My hon. Friend the Member for Goole (Dr. Marshall) raised the problem of health centres. He suggested that their legal framework should be recast. We are examining that. We are anxious to provide the best possible terms to encourage general practitioners to move into health centres. But I warn my hon. Friend that there are many other problems which arise in large part from the independent contractor status of GPs, and these need to be solved if the health centres are to be properly used. For example, the centres take a long time to plan, build and bring into commission. During this time, groups of GPs who originally committed themselves to moving into health centres often change their composition. Some of them change their minds. Sometimes there are personality clashes. Sometimes some of the partners die. All these problems, in addition to the purely legal ones, have to be surmounted.

My hon. Friend asked about the centre at Knottingley in his constituency. Given the long history of difficulties there has been in that area I shall look personally into the matter to see what can be done to assist his constituents in getting a proper service going in that part of the world.

The hon. Member for Aylesbury (Mr. Raison) raised a number of interesting points. He spoke of scrapping hospitals in his area, but we are to open a new community hospital in Milton Keynes this year. I shall be visiting Milton Keynes among other places next week in order to see the situation there.

The hon. Gentleman made a sweeping criticism of the existing Health Service organisation. But I should remind him that not only did he vote for the new organisation, but he was actually a member of the Government which recommended it to the country—

I was not a member of that Government when the Health Service reorganisation was brought in.

That is a feeble excuse. [HON. MEMBERS: "Withdraw."] I said that the hon. Member was a member of the Government which introduced the Health Service reorganisation, and he was. After the Health Service reorganisation went through, he joined that Government so he could not have found much that was objectionable in the reorganised Service. There have been more blinding lights on the Opposition Benches than Paul ever saw on the road to Tarsus on this question of the reorganisation of the Health Service—[Interruption.] The right hon. Member for Leeds, North-East (Sir K. Joseph)—

Order. I think that the Minister has upset hon. Members with his theological reference.

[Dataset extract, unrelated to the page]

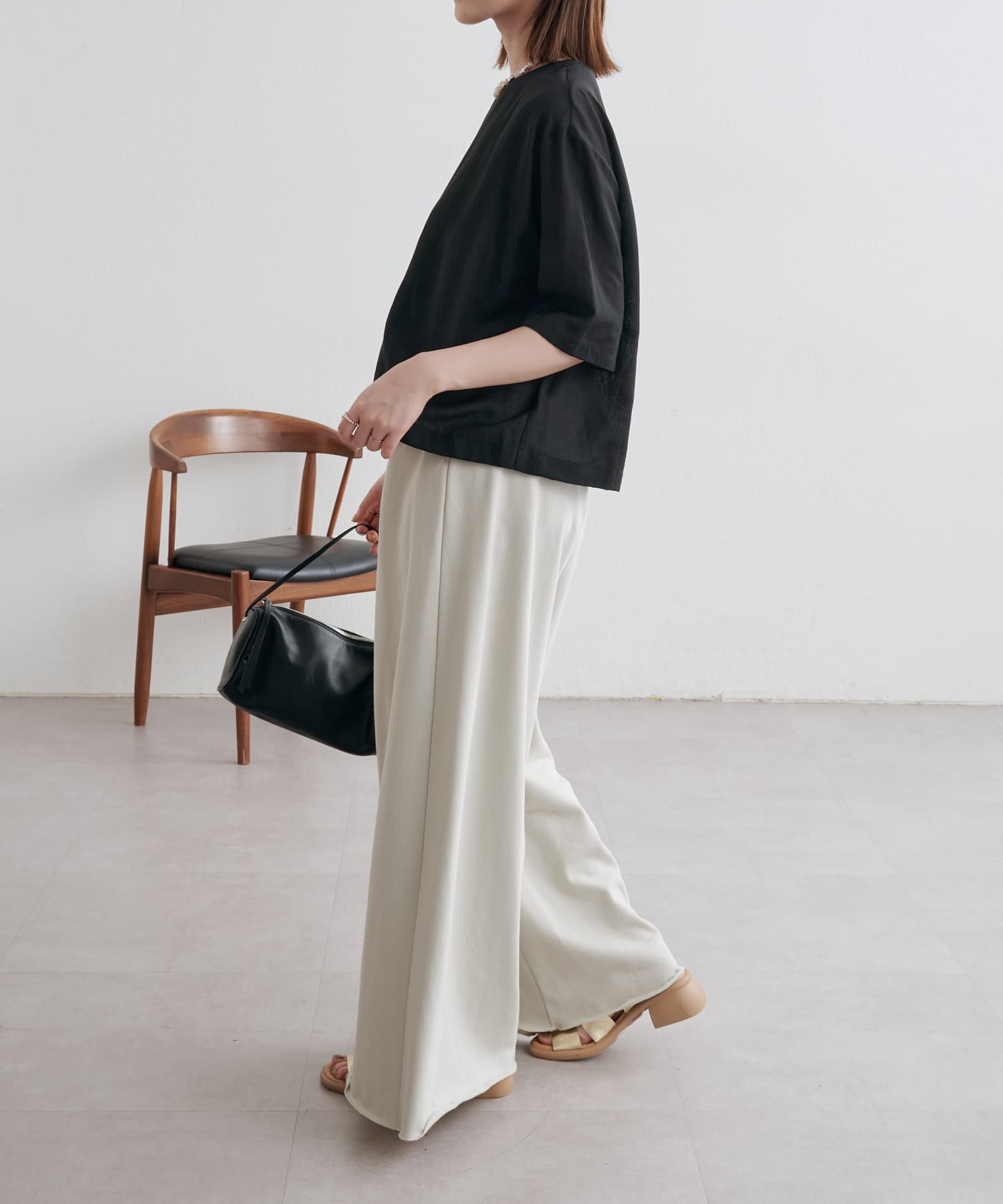 ・ストレスフリーなスウェット素材ですが、キレイめなシルエットなので、オンでもオフでも着て頂けます。

The reason why I am making this point is that I think that the right hon. Member for Leeds, North-East has a very bad Press. Anyone would think that he was a single-handed party on his own, but the fact is that he was just one member of a Government that included the right hon. Member for Wanstead and Woodford. He cannot get out of it on any ground on which the hon. Member for Aylesbury got out of it. The right hon. Member voted for every hook, line and sinker, dot and comma of the reorganisation—[An HON. MEMBER: "Get on."] I am getting on. I am pointing out the inconsistencies in the right hon. Member's position. He voted for all of it. He recommended to the House, along with his colleagues, that the reorganisation should take place and he was supported by his hon. Friend the Member for Reading, South. These points are worth bearing in mind. It was a concerted Government exercise. It was not something that the right hon. Member for Leeds, North-East thought up by himself.

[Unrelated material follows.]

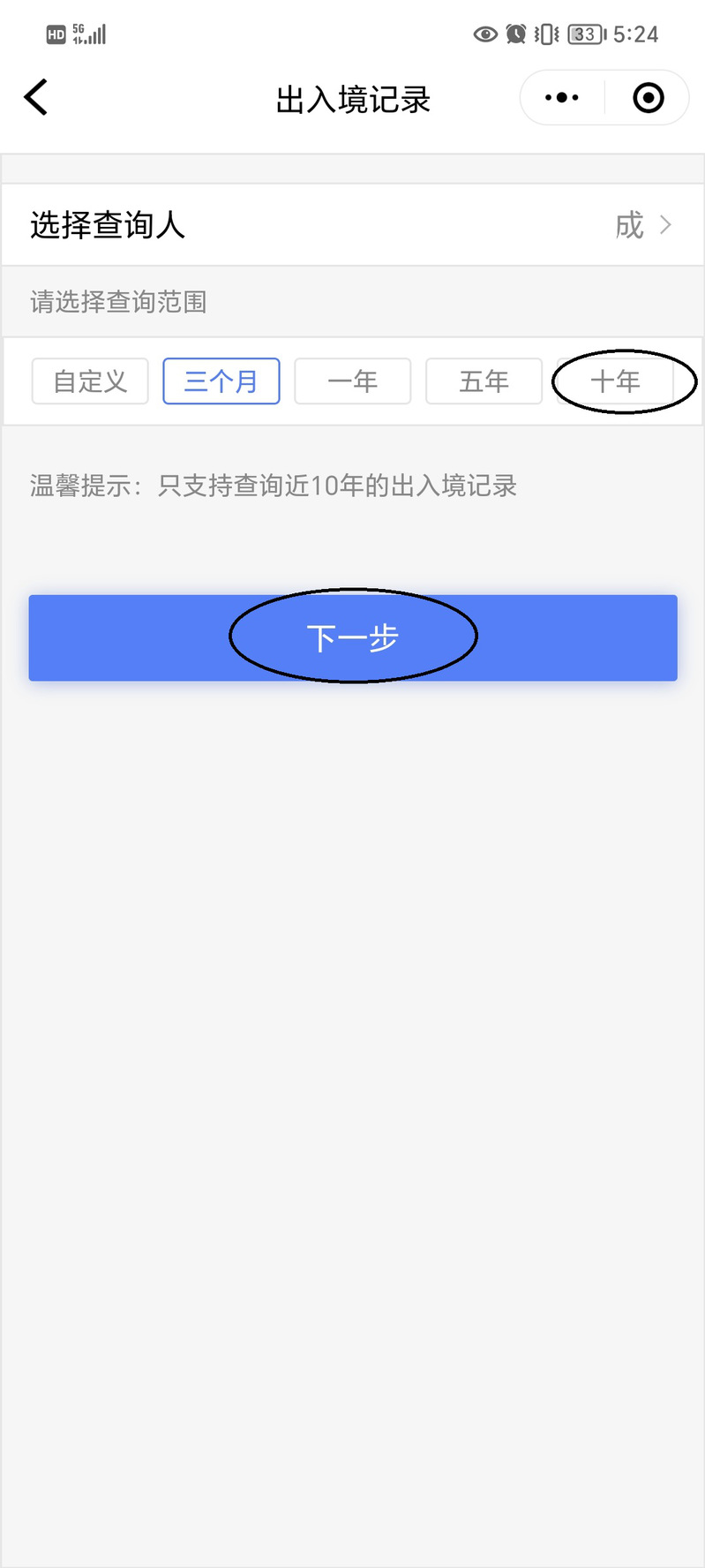 進(jìn)入“出入境記錄查詢”后,可選擇所需查詢時間段(當(dāng)前支持查詢近10年內(nèi)的出入境記錄),選好后點擊“下一步”,點擊“查詢”,可查到本人的出入境記錄。

Perhaps the Minister of State will say whether he agrees with four of his right hon. Friends—the right hon. Members for Blackburn (Mrs. Castle) and for Kilmarnock (Mr. Ross), the Secretary of State for Wales and the Home Secretary, all of whom put their name to a document in which they said:

"The reorganised NHS … provides an improved administrative framework within which it is now possible to look at priorities more comprehensively and to plan the allocation of resources more effectively both at local and at national levels."
Does the Minister accept that?

Quite honestly, what we have done is to set up the Royal Commission. My right hon. Friends have set up the Royal Commission, which will look at all these problems with a view to solving them. That is the difference between our position and the right hon. Gentleman's position.

The hon. Member for Truro (Mr. Penhaligon) raised a very important point in regard to the influx of tourists into his constituency in the summer. He raised this point in the debate on the Consolidated Fund Bill. I think that it is most important that as a Government we know the impact of movements of short-term populations into and out of various areas, in the interests of proper health planning. I shall certainly examine the situation in Truro to see what is the impact of this as an example that we can take for the rest of the country and for country-wide planning, and I shall ascertain what comes out of that to see what can be done and what is necessary to assist places such as Truro up and down the country. I hope that the hon. Member will be pleased about that.

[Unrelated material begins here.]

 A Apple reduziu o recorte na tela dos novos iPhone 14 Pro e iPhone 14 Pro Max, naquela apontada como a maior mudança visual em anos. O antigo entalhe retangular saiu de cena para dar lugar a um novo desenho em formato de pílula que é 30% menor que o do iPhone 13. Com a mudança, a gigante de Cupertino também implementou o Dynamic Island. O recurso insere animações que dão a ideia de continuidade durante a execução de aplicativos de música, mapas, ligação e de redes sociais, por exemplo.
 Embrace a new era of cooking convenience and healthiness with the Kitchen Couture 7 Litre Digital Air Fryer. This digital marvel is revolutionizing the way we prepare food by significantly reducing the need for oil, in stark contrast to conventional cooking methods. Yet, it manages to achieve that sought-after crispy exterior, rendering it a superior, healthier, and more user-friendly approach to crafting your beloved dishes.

Incidentally, it is worth making the point that on the question of funding the NHS, as far as I can see, Opposition Members are out on their own. All other parties that have made a contribution to the debate—the SNP, the Liberal Party and, of course, my right hon. and hon. Friends—are totally opposed to the concept of funding the NHS that has been put forward in the debate.

I have only a very limited amount of time in which to reply to the debate. I shall be talking about the hon. Gentleman's speech if I have time before 10 o'clock.

My hon. Friend the Member for Fife, Central (Mr. Hamilton) raised a couple of interesting points with regard to alcohol abuse in Scotland. He talked about the £50 million advertising budget of the drink industry. Of course, we are entering into discussions with the brewers and with the wine and spirit trades with a view to agreeing a code of practice on the advertising of drinks. They are co-operating with us to ensure that there is no undue association between glamour occupations and situations and drink, and no encouragement to young people to develop the habit of heavy drinking.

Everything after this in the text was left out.